Eligible expenses include money you spent on books, computer or classroom equipment, or supplies. Athletic supplies can also qualify if you teach phys ed or health. And if you enroll in a professional development course, you can typically deduct this cost, too, but certain rules apply.
Work-Related Education Costs
It used to be that you could claim a percentage of costs associated with going back to school for work-related purposes, but the TCJA did eliminate this deduction from 2018 through at least 2025. It was repealed along with all other work-related miscellaneous deductions.
This wasn’t a particularly generous deduction to begin with, however. You had to itemize to claim it, and you could only claim the amount of your education expenses that exceeded 2 percent of your AGI.
College Savings Plans
Tax benefits for education aren’t limited to deductions and credits. The TCJA preserves tax-friendly treatment for education savings as well. This includes 529 savings plans and Coverdell Education Savings Accounts.
Both types of accounts now cover elementary and secondary school expenses in addition to post-secondary school expenses, thanks to the TCJA. 529 plans used to cover only college costs.
You don't have to pay income tax on money you contribute to these plans. The IRS won’t take a bite out of this portion of your income until the money is taken back out again for education purposes. They act something like a tax deduction in the current year as a result. But you typically have a choice. You can pay taxes on your contributions now so distributions can later be taken tax-free. Growth on the money deposited in Coverdell accounts is typically taxed at the time of distribution unless the distributions are less than the student’s actual expenses.
Coverdell account benefits are subject to phase-out thresholds of $95,000 for single filers and $190,000 for married taxpayers who file joint returns. You can contribute $2,000 to a Coverdell account per year per student. You can’t contribute $4,000 into two accounts for the same beneficiary because the limit is imposed per person, not per account. The beneficiary must have special needs or be younger than age 18 at the time you make contributions. 529 savings plans don’t have any contribution limits.
You can’t claim a deduction or credit for expenses paid from college savings plans.
Educational Assistance Benefits and Programs
Educational assistance benefits are amounts paid by your employer for your education. The benefits must typically be used toward tuition, fees, equipment, books, or supplies, either at the undergraduate or graduate student level. The money does not necessarily have to be spent on work-related courses.
Educational assistance programs reduce tuition. Think scholarships or tuition breaks offered to school employees.

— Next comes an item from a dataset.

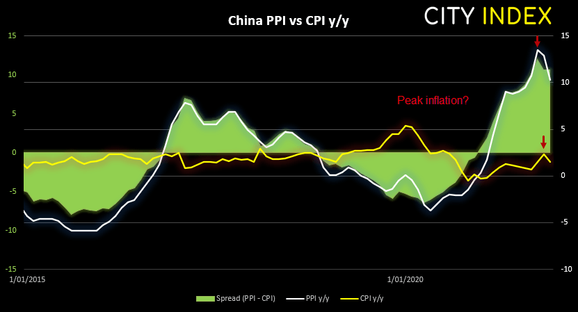 去年12月,糟糕的零售和投资数据已促使分析师下调增长预期。生产者价格指数(PPI)也在触及26年高点后连续第二个月下跌。鉴于PPI为关键通胀参数,而CPI近年来一直滞后于PPI,我们现在需要开始考虑中国出现通货紧缩的可能性吗?

These funds are generally not taxable unless they’re provided in exchange for work or services, and even then, some exceptions apply.
Up to $5,250 of education assistance benefits are yours tax-free in 2018, but you must pay income tax on any amounts over $5,250…unless the overage is considered a “working condition fringe benefit.” Otherwise, amounts over $5,250 should appear in box 1 of your Form W-2. Fringe benefits are expenses you could have claimed a deduction for had you paid for them personally.
Unfortunately, fringe benefits also fall victim to the TCJA in 2018. They, too, were among the itemized deductions that were repealed. Touch base with a tax professional to make sure you get the rules right if you think your benefits fall into this area.